- RECORDS FOR THE EXERCISE:

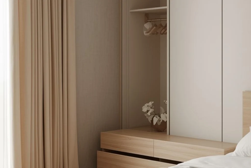 I’ve often told clients that a minimalist bedroom does not mean everything must be visible. Hidden storage keeps the room looking calm while still making daily life easy. When clothes, books, and daily items have a clear home, the bedroom feels like a true retreat.
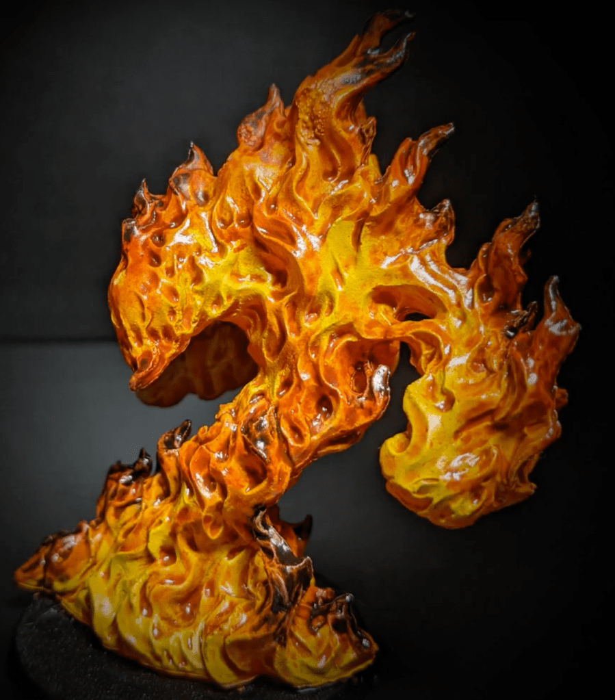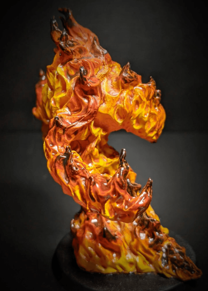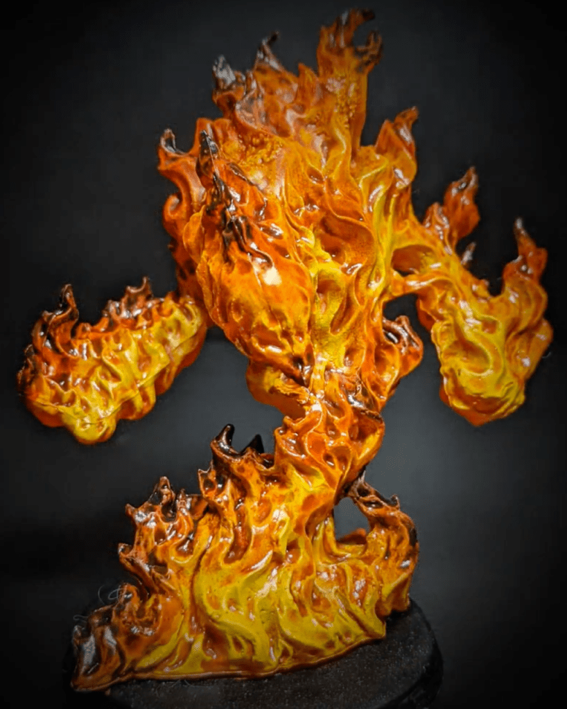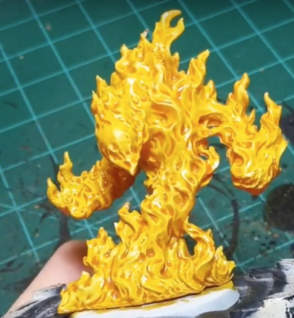 Please check out Galactic Hammer‘s original video, where he shows and describes in real-time how to paint his Fire Elemental. He did this as part of his live stream.
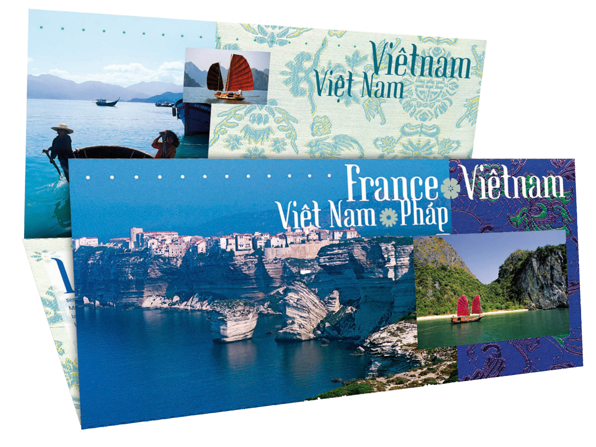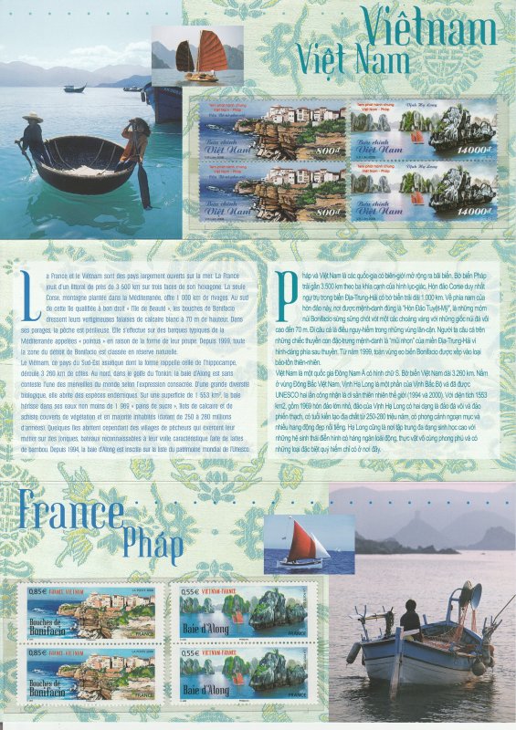 | Commentaire | La manifestation premier jour a lieu le 15 novembre à Bonifacio et au siège de l'Union générale des Vietnamiens de France, à Paris. Claude Perchat dessine une voile latine et un sampan, deux types de bateaux des deux régions dépeintes sur les timbres |
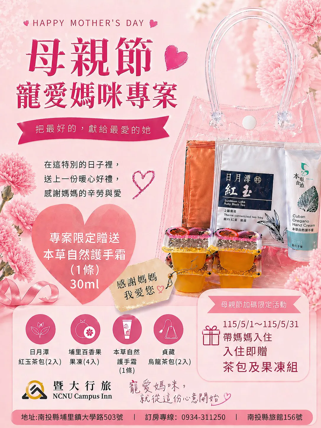 ◎不限專案,凡於5/1-5/31 帶媽媽一起入住,主動告知櫃台服務人員,每房將特別贈送媽媽一份精緻的在地小禮:日月潭紅茶包2、鹿谷烏龍茶包2以及百香果果凍4入。(每間房限贈送一份)(贈品依現場實物為主)
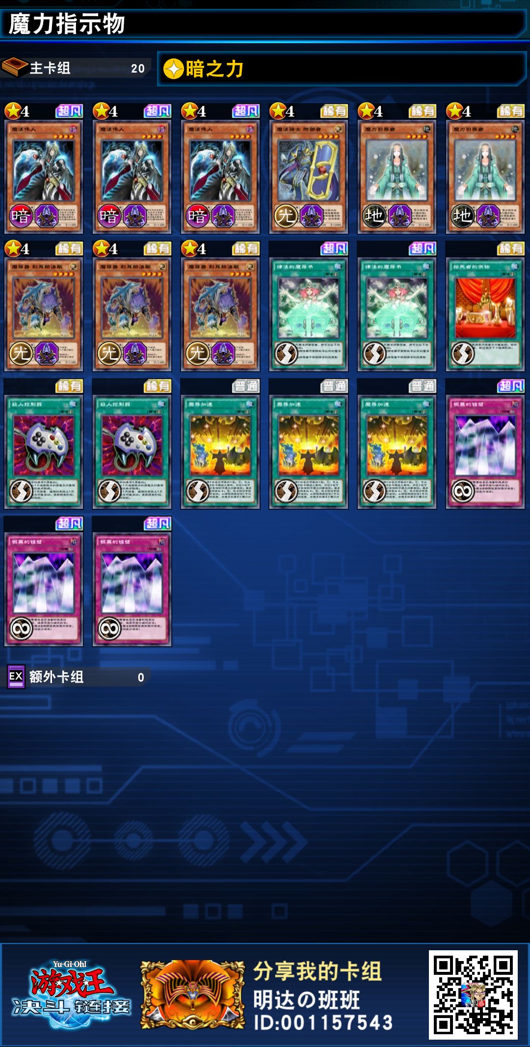 这次的魔力指示物卡组抛弃了传统的魔导王&魔法都市体系,只用下级怪配合魔导加速将魔法玩转股掌之间:
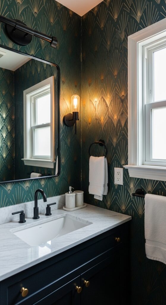Choose wallpapers featuring shimmering metallics like gold, silver, or copper to reflect light beautifully in smaller spaces. Consider incorporating subtle Art Nouveau motifs alongside traditional Art Deco elements for added elegance. Select rich color palettes including deep emerald, navy, or burgundy backgrounds that complement the metallic details and enhance your bathroom’s luxurious atmosphere.
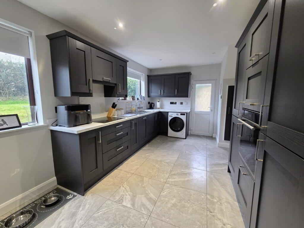with bowl and half stainless steel sink unit, range of Shaker style eye and low level units, larder unit, saucepan drawers, microwave housing, Hotpoint hob and oven, extractor, integrated dishwasher and fridge-freezer. plumbed for automatic washing machine, TV point and recessed lights, tiled floor
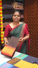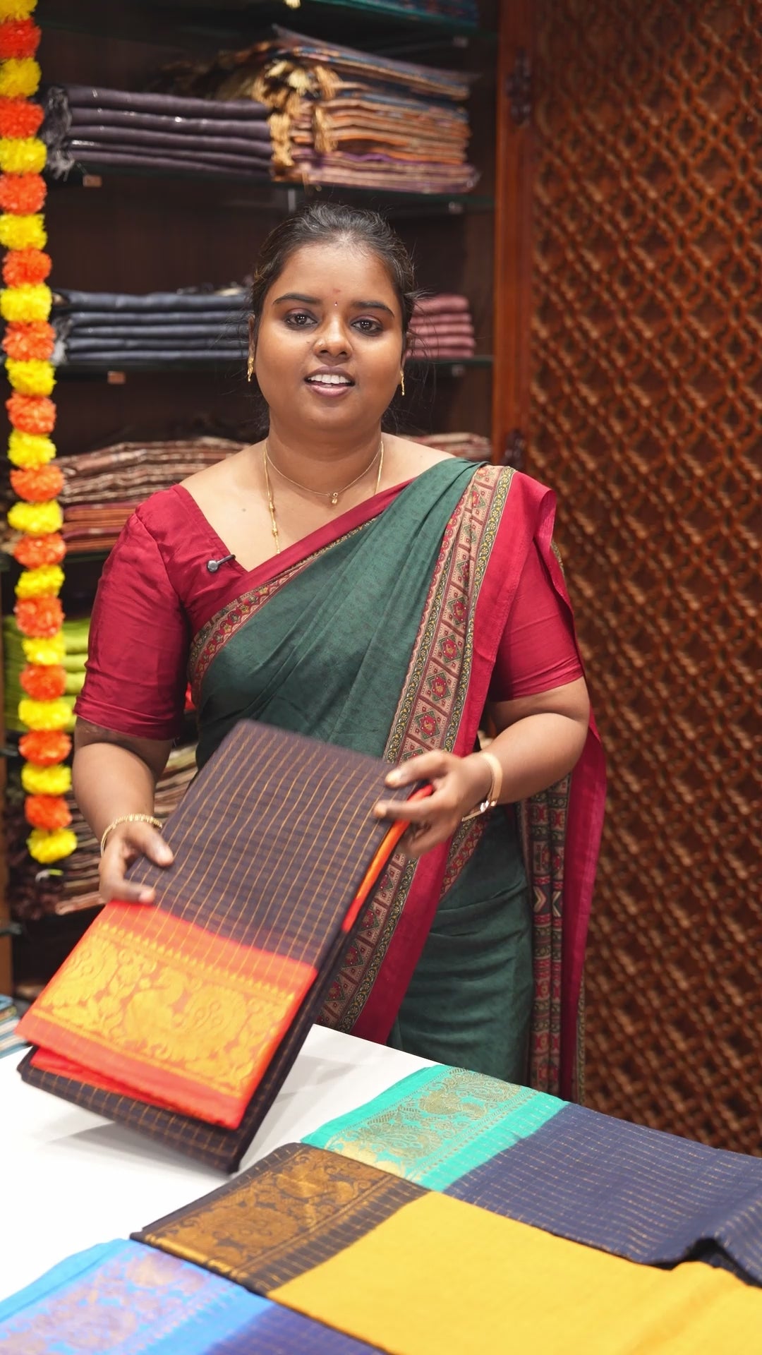 Navy blue-rama zari checked sungudi cotton saree, contrast zari border of peacock motifs, zari striped border, and a contrast blouse
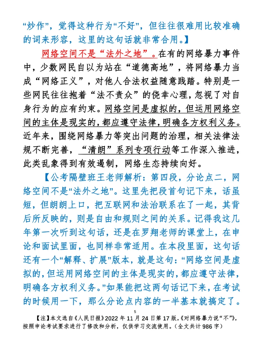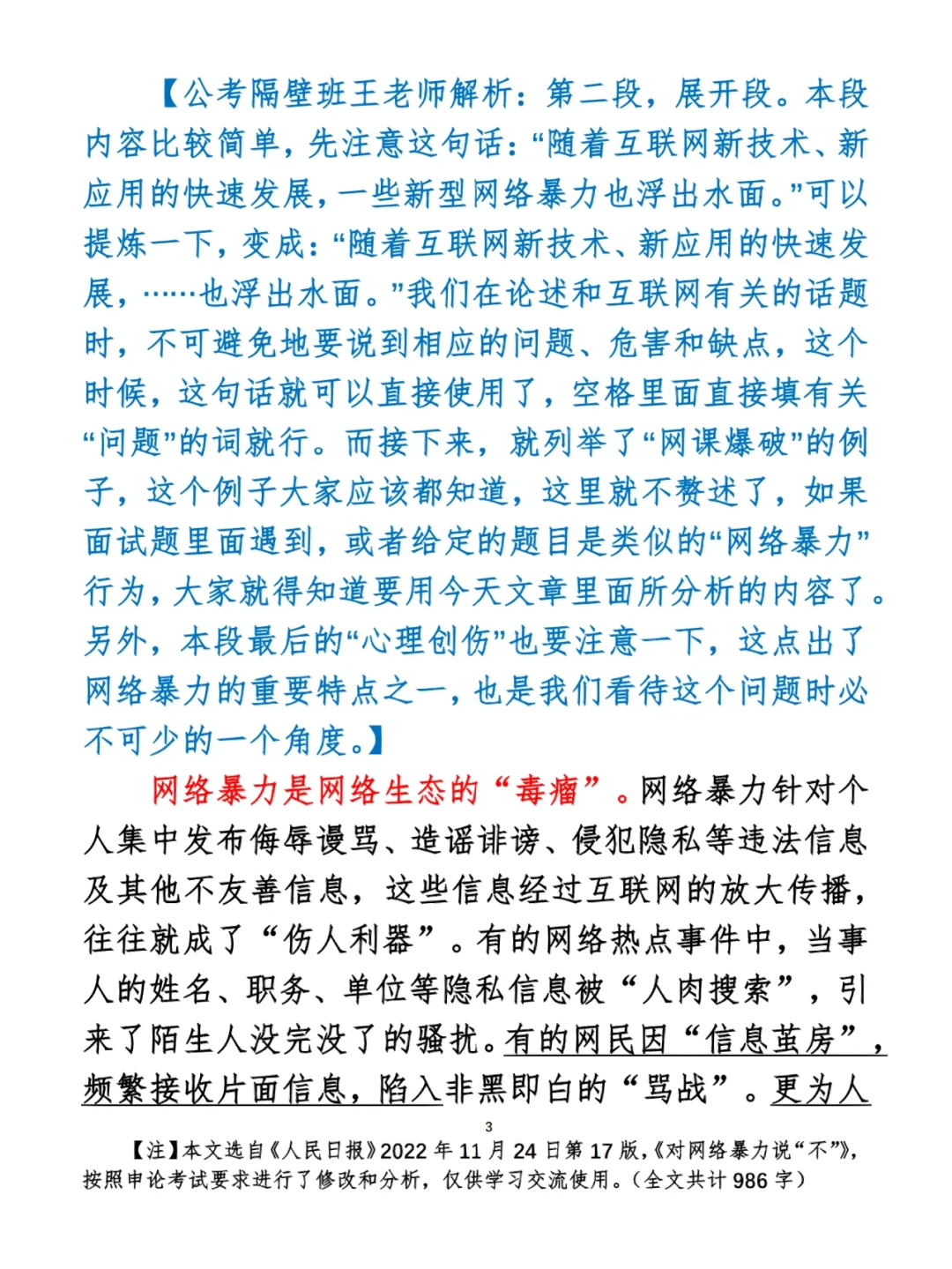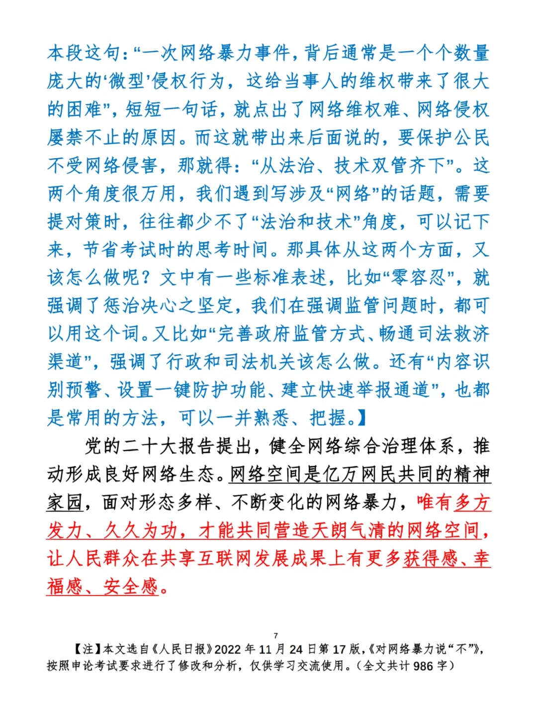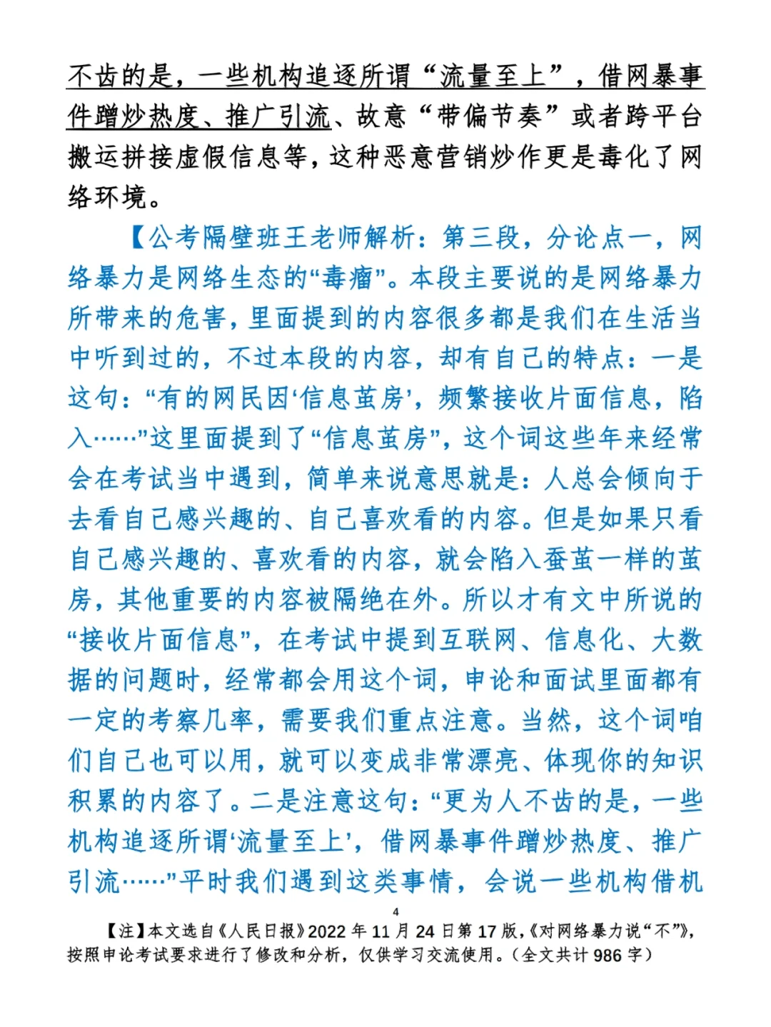 今日打卡作业: 1. 选一句你最喜欢的金句 2. 抄写全文红字+划线部分内容 3. 写完后在留言区打卡 ⭐️ ⭐️ ⭐️ ⭐️ ⭐️ ⭐️ 如何抄写:每天的抄写文章以图片形式发在“公考隔壁班王老师”账号,红色字是重点句和结构句,黑色字是正文,蓝色字是解析,大家抄写时不必抄蓝色字。建议先通读全文(包括蓝色解析部分),做到心中有数再开始抄写,效果会更好。 关于文章:抄写文章来源于人民日报,但每篇文章我都根据申论考试要求进行了修改,主要集中在四个方面:一是重写或修改开头、结尾;二是统一段首句句式结构;三是调整段落字数,使文章结构更均衡;四是简化复杂长难句,使之更具可模仿性。每篇文章修改幅度不同,无论修改多少,都是基于申论考试要求,毫无对人民日报文章品评之意。(此处致敬人民日报) 关于解析:我会在文章每段后面加一段蓝色字的解析,是我自己在抄写时的感悟,篇幅时间有限,不能面面俱到,但求重点突出。如果你有其他感悟,也希望能在评论里分享,我们相互学习、共同进步。 ⭐️ ⭐️ ⭐️ ⭐️ ⭐️ ⭐️ 这里是公考隔壁班王老师独创的“每天半小时・申论80分”抄写团,欢迎加入我们!
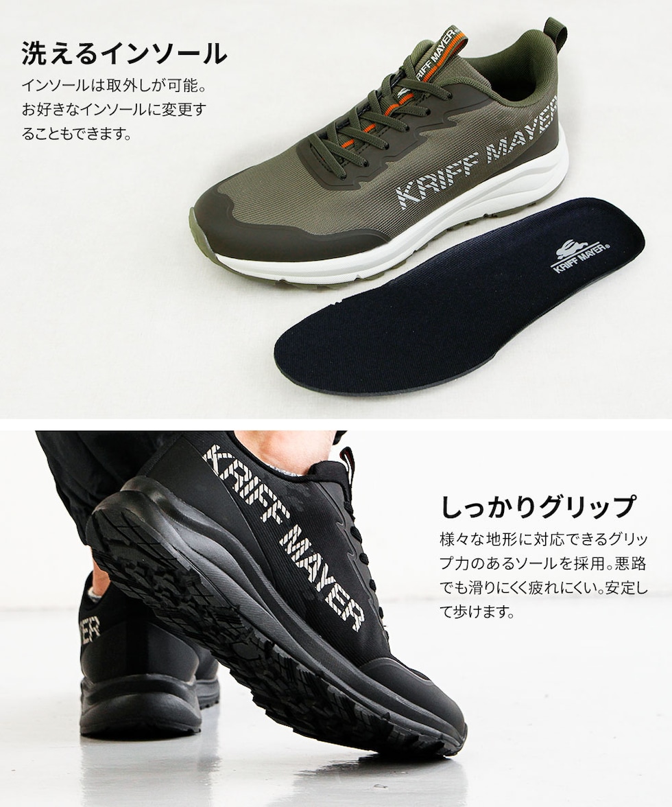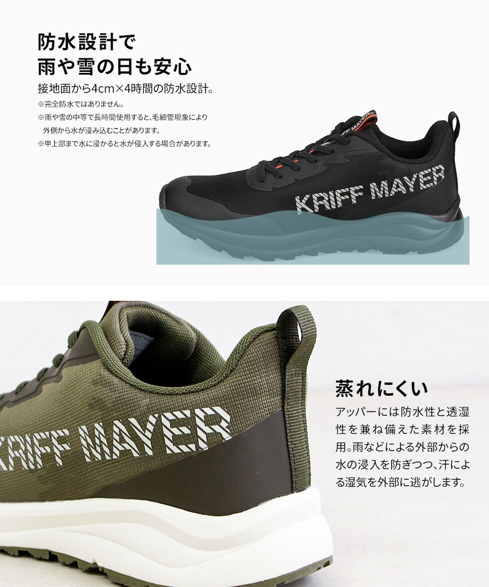 クリフメイヤー スニーカー メンズ ローカット 防水 蒸れにくい アウトドア 靴 ハイキング 黒 ブラック カーキ KRIFF MAYER 9828のレビュー

- DESCRIPTION OF THE TASK: The exact lines from the beginning of the data through the one that contains "les timbres |" must be given again, both ends included, and pictures must be left out.

- WORKED SOLUTION:
 I’ve often told clients that a minimalist bedroom does not mean everything must be visible. Hidden storage keeps the room looking calm while still making daily life easy. When clothes, books, and daily items have a clear home, the bedroom feels like a true retreat.
 Please check out Galactic Hammer‘s original video, where he shows and describes in real-time how to paint his Fire Elemental. He did this as part of his live stream.
 | Commentaire | La manifestation premier jour a lieu le 15 novembre à Bonifacio et au siège de l'Union générale des Vietnamiens de France, à Paris. Claude Perchat dessine une voile latine et un sampan, deux types de bateaux des deux régions dépeintes sur les timbres |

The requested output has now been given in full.